Второй день свадьбы требовал показаться народу во всем мыслимом великолепии и беззастенчиво сулить ему благополучие. Амина косо глядела на Арвиума, вальяжно расхаживающего по покоям выступкой хозяина. В запашной юбке в пол, подпоясанной длинным шнуром с кисточкой, а особенно с новоявленной пресыщенностью во взгляде он выглядел внушительно. В честь праздника его волосы зачесали сзади и убрали в недлинный хвост, перехваченный пополам. Под одеянием играли его мускулы и золотистый живот.
Словно не вспоминая исступления и преступления минувшей ночи, он обнял жену сзади и прижал к надежности своего тела. Его скрытый запах на миг возродил пьянящие и удушливые воспоминания их спутанного пути порознь. Что ему нужно кроме рабыни? Арвиум в расслабленности человека, который получил давно желаемое, смазанным голосом шептал милости в ее витиевато заплетенные волосы. А Амина не отвечала. Он нахмурился. Не слишком словоохотлива, да еще и остервенела на вид. Несмотря на ее полное ему подчинение, закрепленное всеми сферами нового уклада, в нем вновь зашевелился безотчетный страх перед этой насмешливо-невозмутимой девицей и шаткостью собственного вознесения.

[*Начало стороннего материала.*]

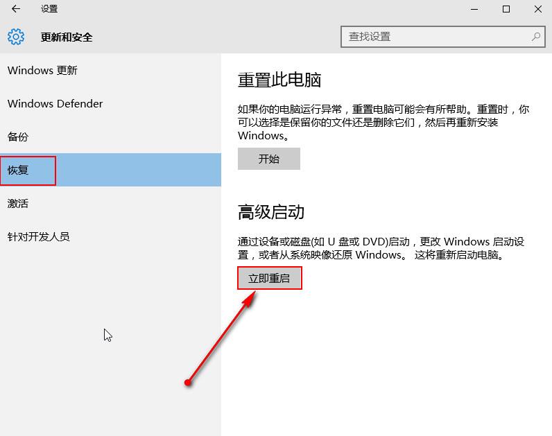 3、点击“恢复”选项,选择“立即重启”,如下图所示:

Арвиум давно привык, что за ним ежечасно наблюдают, обзавелся масками и постоянным напряжением, переходящим в подозрительность. Сначала приспешники его раздражали, но потом он проникся их отравляющим влиянием. Он уже и позабыл, откуда в нем взялась эта остервенелая жажда власти и какую цену – в собственное умиротворение – пришлось отдать за эту величественную иллюзию. Шрам раздернутых глаз обратился к Амине, словно отыскивая в ней убежище, разрешение вопроса, хоть обычно ее двойственность запутывала его до такой степени, что заставляла принять решение или идею наотмашь.

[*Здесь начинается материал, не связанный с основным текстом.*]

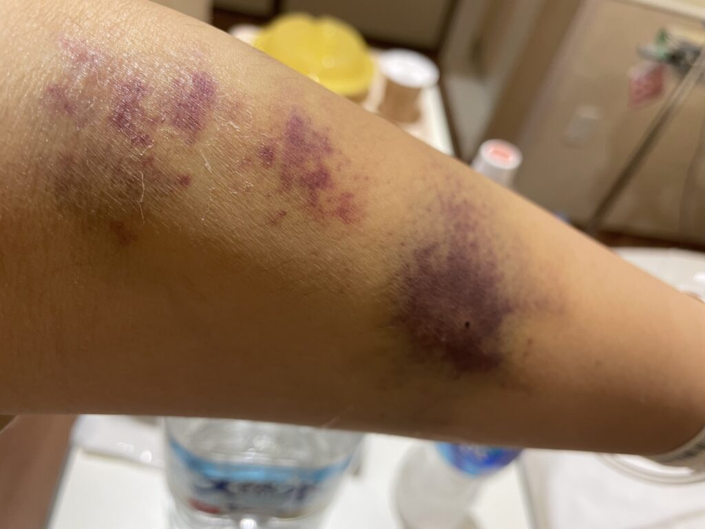 (入院中は、点滴と採血で、腕がずっとこんな状態でした)

В этот момент, смотря на прекрасную молодую женщину, освещенную с балкона отсветом солнечного диска, он испытал уставшую тошноту своих действий. Быть может… быть может, власть и вовсе не нужна была ему и тянула в дебри, куда он не стремился попадать. Прежде он отвечал лишь за ратные подвиги и разграбление окрестных селений, по которым проходился, не устанавливая там свой порядок. Он устал, бесконечно устал, как в полдень лета без спасительной сени навесов.
Поражения и борьба за фикцию сломали и так подорванный дух пылкой холодности Арвиума. Путь Сина, растерявшего благо государства и близких, страшил и его преемника.
Амина молчала и смотрела, не ведая о его внутренних терзаниях. Смутно он понимал укор и оборотную ненависть этого взгляда. Но тысячи причин и доводов захлопывали его совесть. Он же победил, значит, его и правда избрали высшие силы.
Арвиум вполне освоился с телом Амины и собственной властью над ней. Могущество его не должно было вызывать нареканий ни у кого, поэтому можно было проявить благородство.
– Я буду заботиться о тебе, – произнес он, будто усмиряя собственный страх ее бунта.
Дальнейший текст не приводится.